Problem to solve: The answer is to be the data that follows, transcribed exactly, minus its pictures.

Stored data:

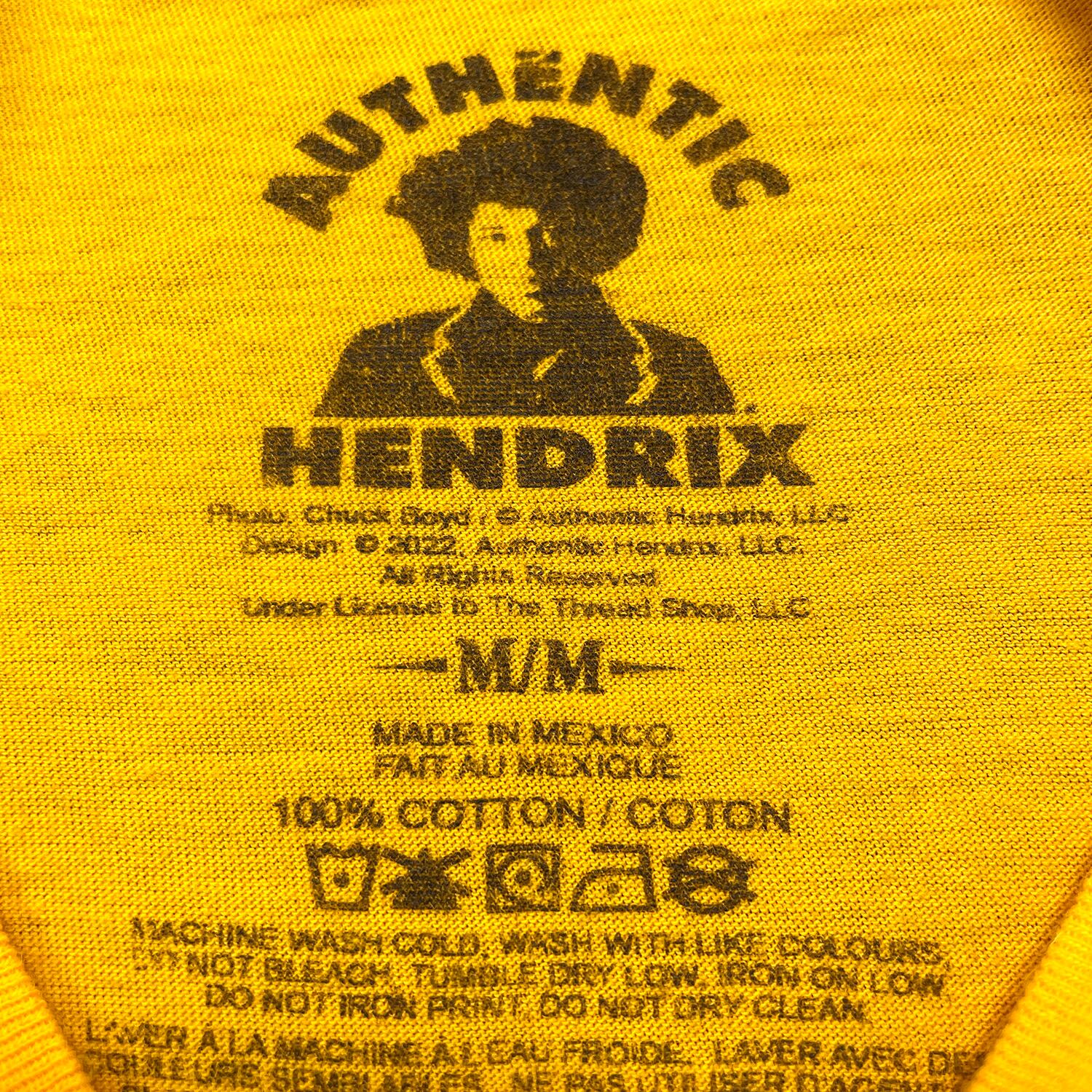 USA 古着 2022 メキシコ製 AUTHENTIC HENDRIX ジミヘンドリックス ミュージック ロックTシャツ バンドTシャツ メンズM イエロー BA5254
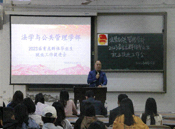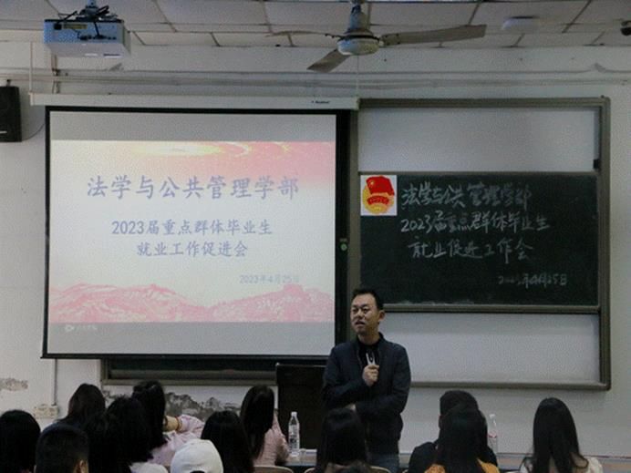 为深入贯彻党的二十大精神,落实习近平总书记来校考察时关于高校毕业生就业工作的重要指示,进一步做好毕业生重点群体就业帮扶工作,4月25日,法学与公共管理学部(下简称:法管学部)于初心楼104教室召开2023届重点群体毕业生就业工作促进会。法管学部党总支副书记(负责工作)刘廷华,部长陈世海,副部长周陶以及各毕业班辅导员出席本次会议,在校重点帮扶学生参会。
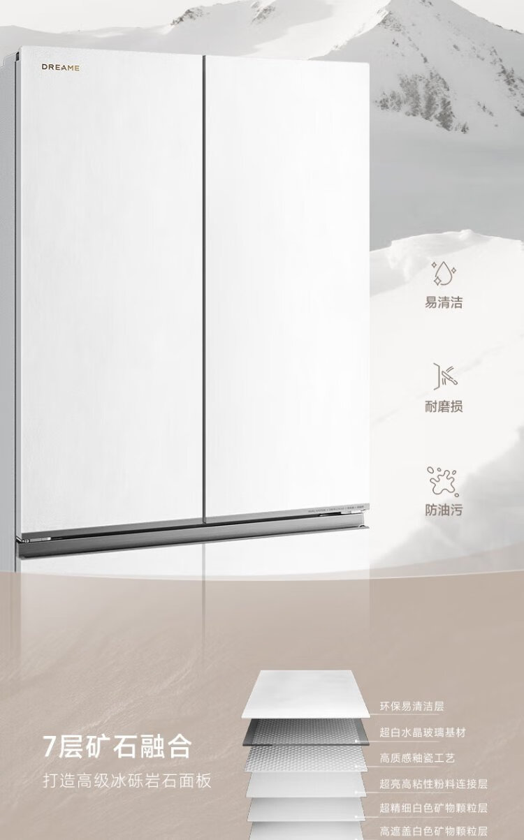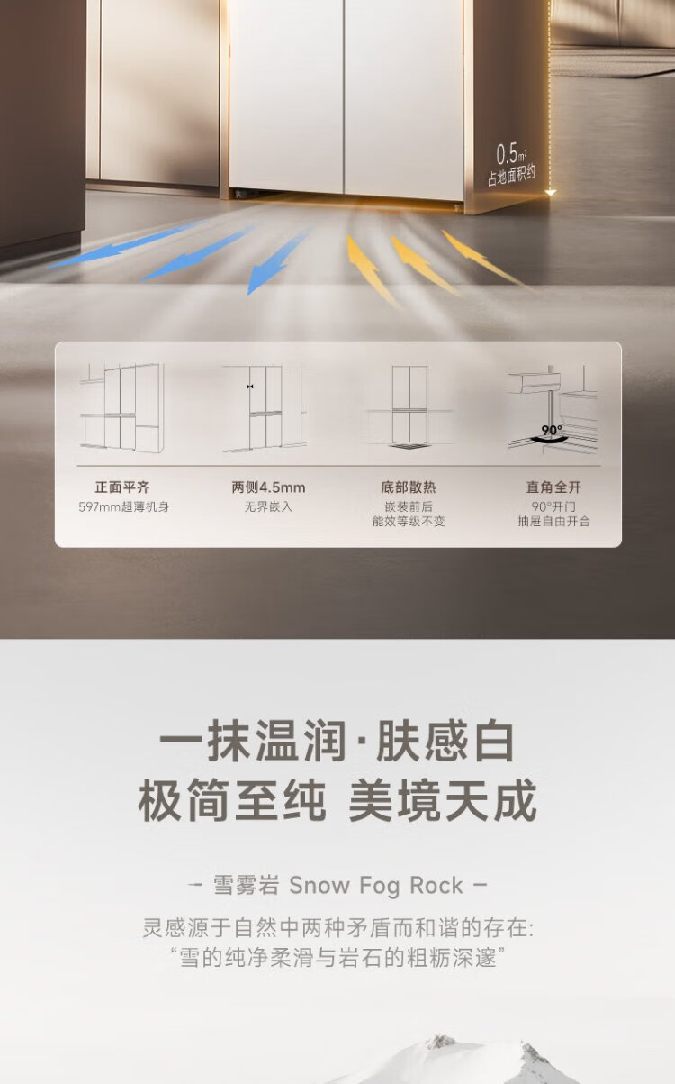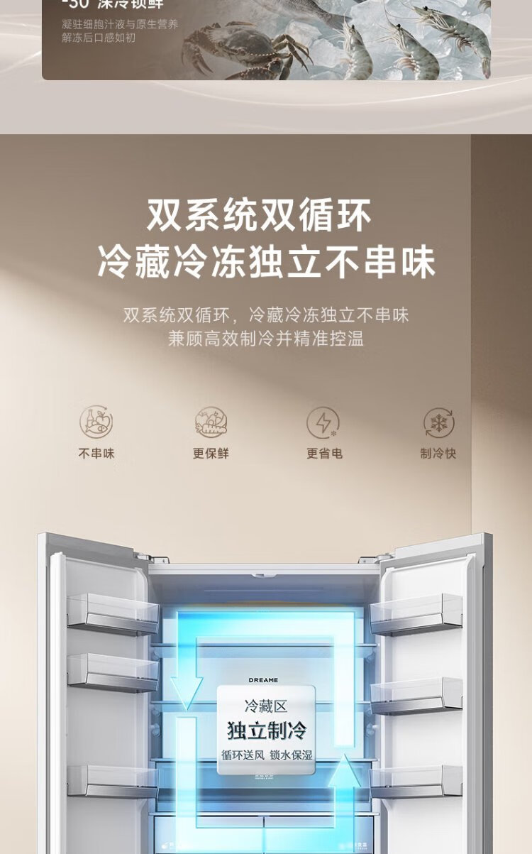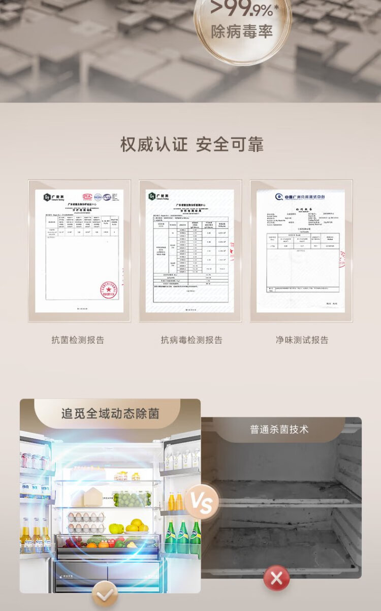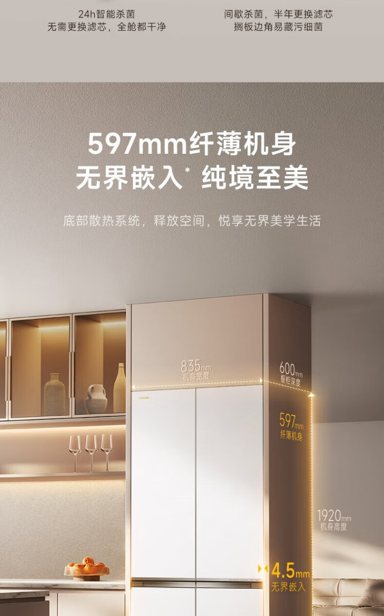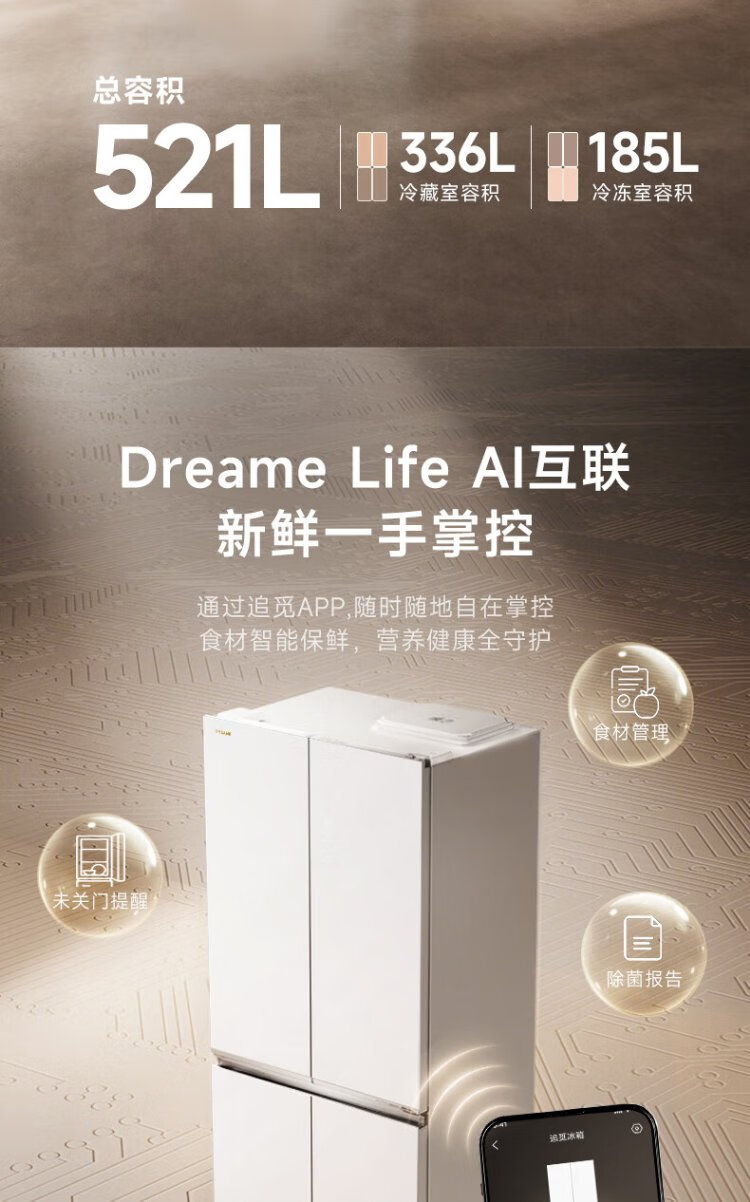 Chuimi Refrigerator Pureland D Series 521L Large Capacity Cross Four Door Multi-Door Double Cycle Dual System Home Refrigerator Ultra-thin Embedded Global Dynamic Sterilization and Deodorization VITA Fresh Lock First-Class Energy Saving + Air Cooling Frost-free + Four-speed Intelligent Temperature Variation
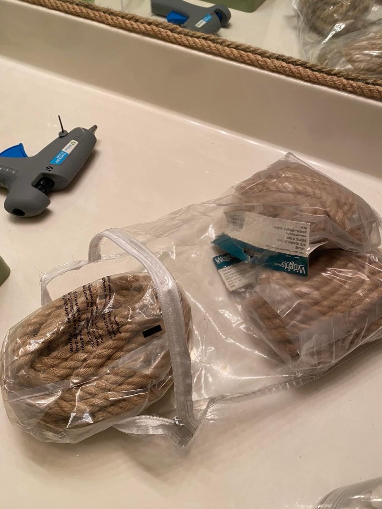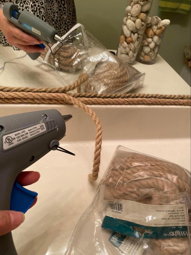 I measured around the mirrors times 4 to determine how much rope I would need to create a rope frame. I found the jute at Joann Fabrics.

Task response:
 USA 古着 2022 メキシコ製 AUTHENTIC HENDRIX ジミヘンドリックス ミュージック ロックTシャツ バンドTシャツ メンズM イエロー BA5254
 为深入贯彻党的二十大精神,落实习近平总书记来校考察时关于高校毕业生就业工作的重要指示,进一步做好毕业生重点群体就业帮扶工作,4月25日,法学与公共管理学部(下简称:法管学部)于初心楼104教室召开2023届重点群体毕业生就业工作促进会。法管学部党总支副书记(负责工作)刘廷华,部长陈世海,副部长周陶以及各毕业班辅导员出席本次会议,在校重点帮扶学生参会。
 Chuimi Refrigerator Pureland D Series 521L Large Capacity Cross Four Door Multi-Door Double Cycle Dual System Home Refrigerator Ultra-thin Embedded Global Dynamic Sterilization and Deodorization VITA Fresh Lock First-Class Energy Saving + Air Cooling Frost-free + Four-speed Intelligent Temperature Variation
 I measured around the mirrors times 4 to determine how much rope I would need to create a rope frame. I found the jute at Joann Fabrics.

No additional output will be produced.